# Ear/Brain Connection Revision



## millionrainbows (Jun 23, 2012)

"The expression 'tonal' has itself been wrongly used, exclusively instead of inclusively. It can mean only this: everything that results from a series of tones, whether its cohesion is the result of a direct relationship to a single tonic or from links of *a more complex kind,* forms tonality...A piece of music will always have to be tonal at least insofar as, from one tone to the next, there is bound to be a relationship by which all the tones, successive or simultaneous, produce a progression that can be recognized as such." 
-Arnold Schoenberg, from Malcolm MacDonald's book, p. 128

One can easily deduce from this, as Allen Shawn already did in his book, that Schoenberg heard everything "tonally," and we all do as well: that's the way the ear hears harmonic intervals in relation to a fundamental (not necessarily a *root*).

The ear/brain has a natural tendency to hear interval relations in terms of their relation to a fundamental tone (not "root"), so your acuity (or lack) at perceiving more abstruse harmonic meanings (meanings which shift constantly) is similar to the ability of "experts" who have learned (and have inherent propensities) to perceive other types of perceptual meanings, like seeing visual meaning in abstract art, the ability to draw, to dance, throw a football, a master chef's sense of smell/taste, and other areas.

What I'm saying is that you either hear it, or you don't.
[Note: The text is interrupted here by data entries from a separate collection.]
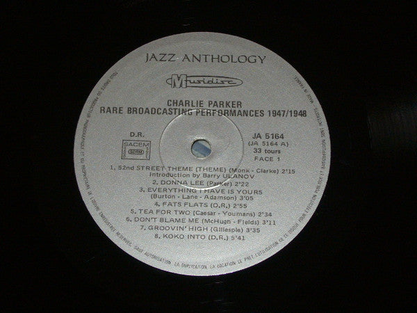 A1. 52nd Street Theme (Theme) + Intro 2:15 A2. Donna Lee 2:22 A3. Everything I Have Is Yours 3:05 A4. Fats Flats 2:55 A5. Tea For Two 2:34 A6. Don't Blame Me 3:11 A7. Groovin' High 3:35 A8. Koko Into 5:41 B1. Ornithology 5:35 B2. Cheryl 5:07 B3. Koko 5:12 B4. Bird Of Paradise 5:18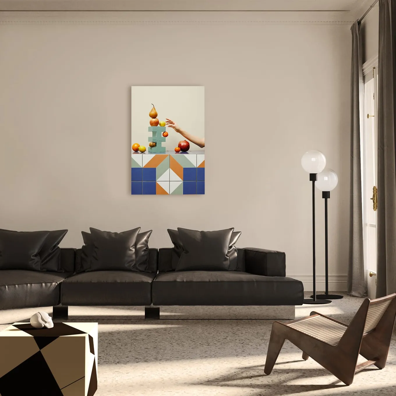 The image represents a still-life. The tabletop is covered by Margherita tiles, designed and projected by Natalie Du Pasquier in collaboration with Mutina Ceramics. The photograph gets printed on FineArt support from a digital file. This is a limited edition of n. 5. Frame not included.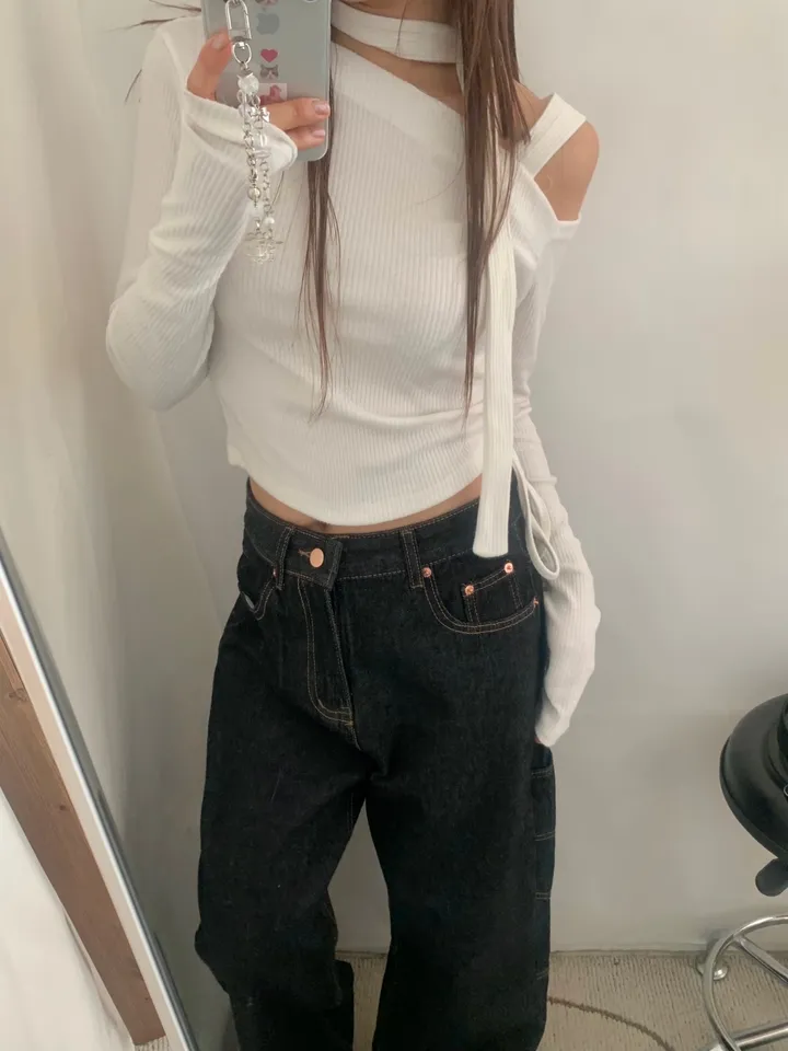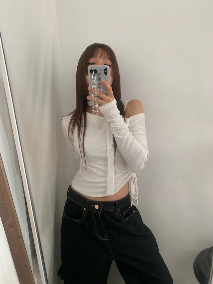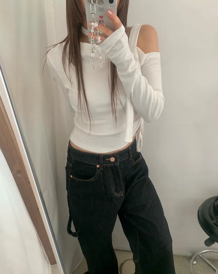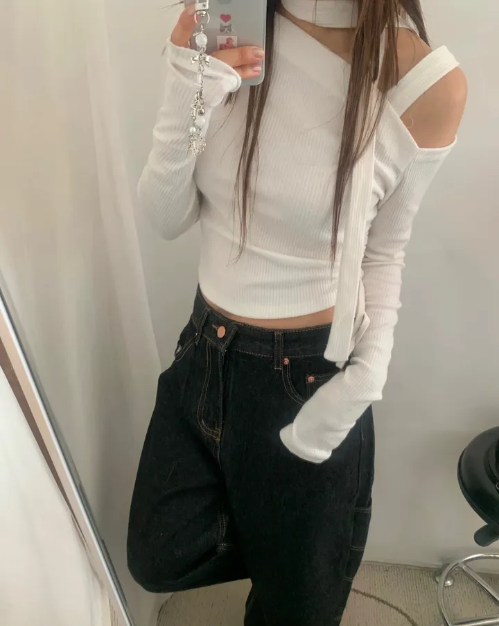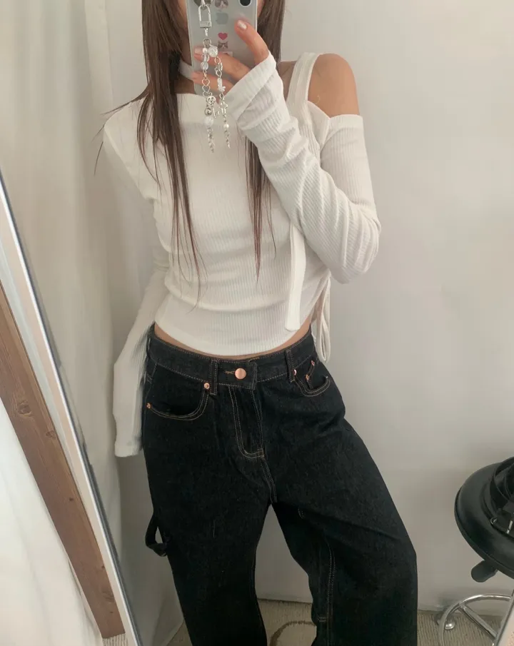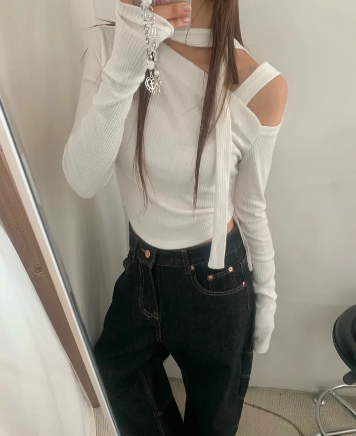 [スカーフセット]ワンショルダーオフリブTシャツ
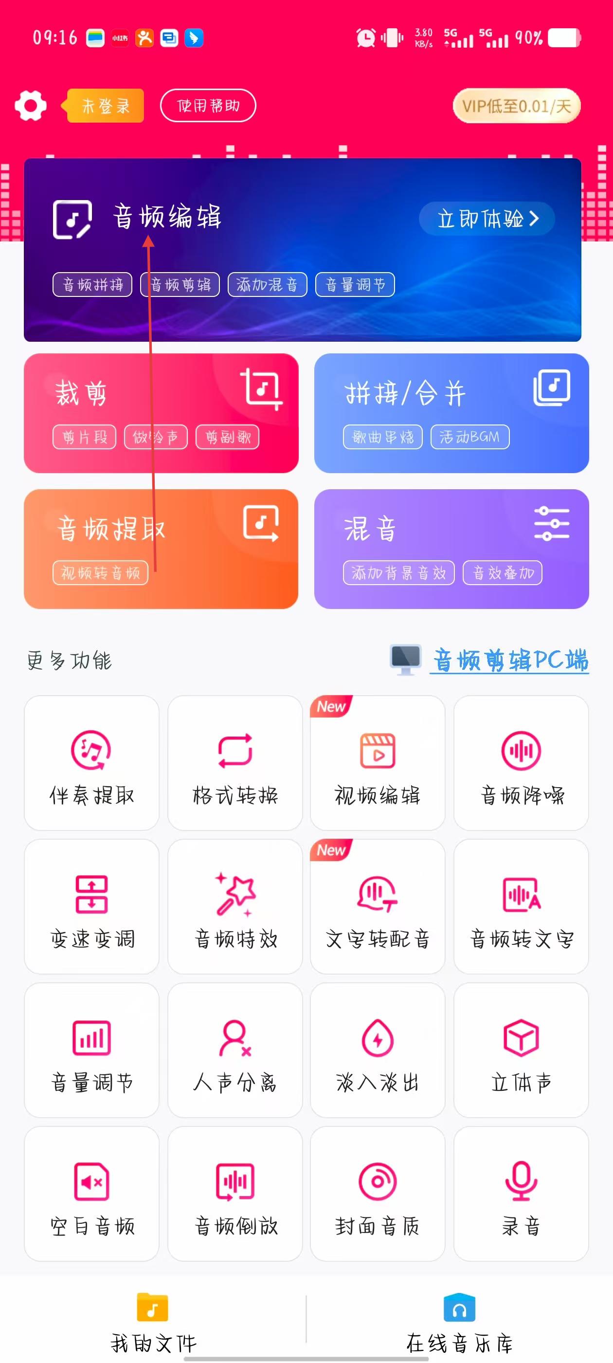 1、打開音頻編輯工具,點擊界面中的音頻編輯板塊,進入音頻編輯流程。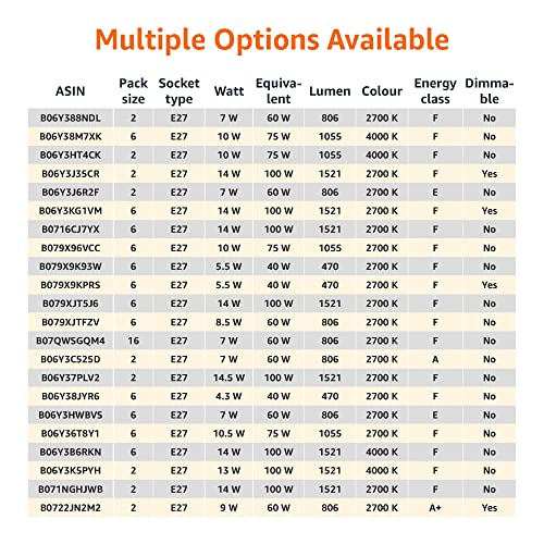Amazon Basics - LED E27 Edison Screw Bulb, 7W, Warm White, Non Dimmable, Pack of 2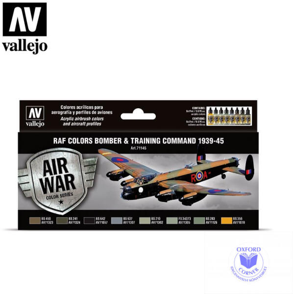 8db légibombázó színeit tartalmazó festékkészlet Bomber Air Command & Training Air Command 1939-45 Paint set, Vallejo, 8 x 17 ml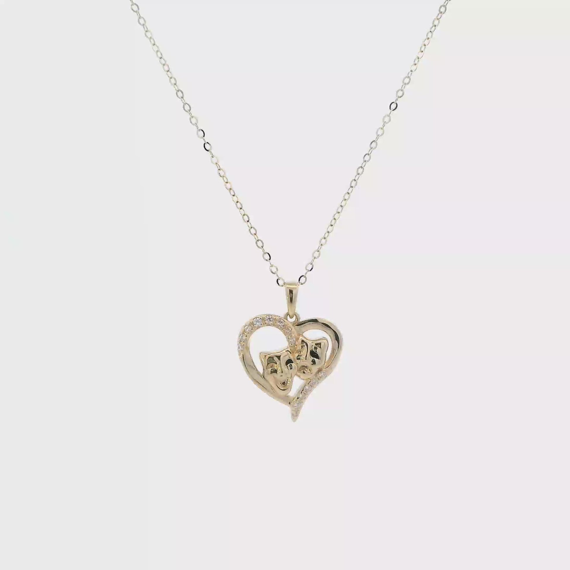 This is a beautiful gold comedy/tragedy mask heart pendant & cable chain that is in clean preowned condition. It has been authenticated and polished by our in-house goldsmith / gemologist.
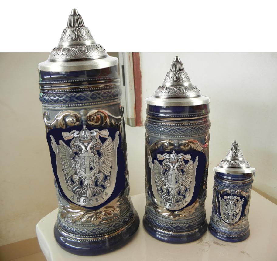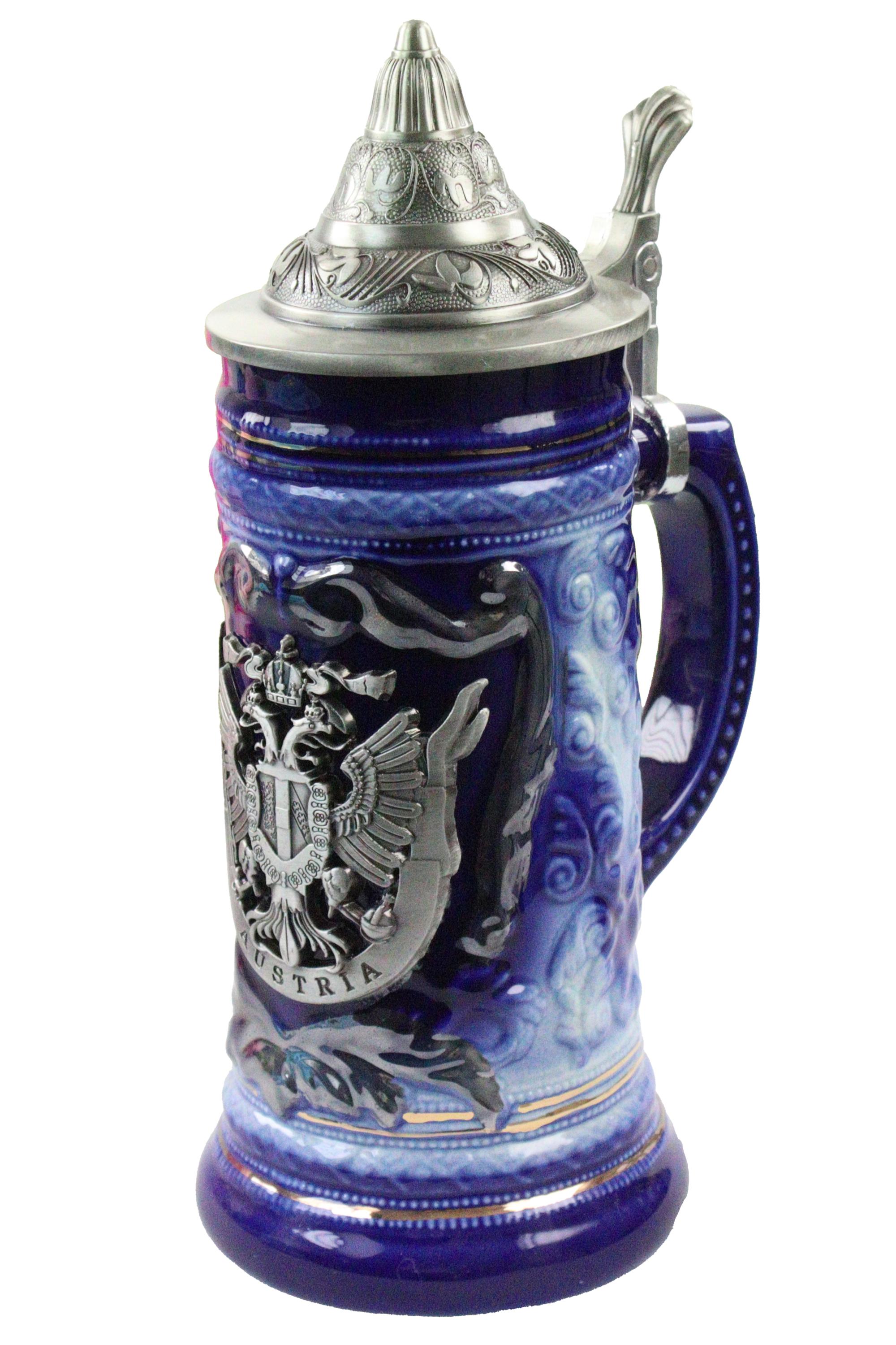 Weiterführende Links zu "Krug 0,5l "Austria" Metallwappen, blau, 18.5cm, mit Zinndeckel"

The people who can hear meaning in abstruse music are the ones who like it, and have a natural visceral propensity; the ones who say that they "reject" it are more often than not unable to hear it, based mainly on an inherently lower visceral propensity. These people are "crippled" from the start.

If a person has demonstrated that they do have a good ear/brain connection (by playing an instrument, singing, etc) and they still can't penetrate more abstruse music, then this is more likely to be from willful choice, due to unfamiliarity or refusal to explore, not an inherent inability. This type of "refusal" is much more credible than the run-of-the mill criticisms of those listeners who are inherently unable to hear and understand, from both a vicseral and cognitive standpoint.

What I'm saying is that "your ear" (visceral) is the stimulus that "draws you in" to more difficult music. This is a very natural ability, and some folks have it, while others don't. This translates (after the fact) into "preference."

This preference is not "debatable" or even definable on a credible level by those who are unable to hear it on a visceral level, because this boils down to degrees of inherent ability, not will. It's like some people don't enjoy dancing because they can't do it well (comparatively).


----------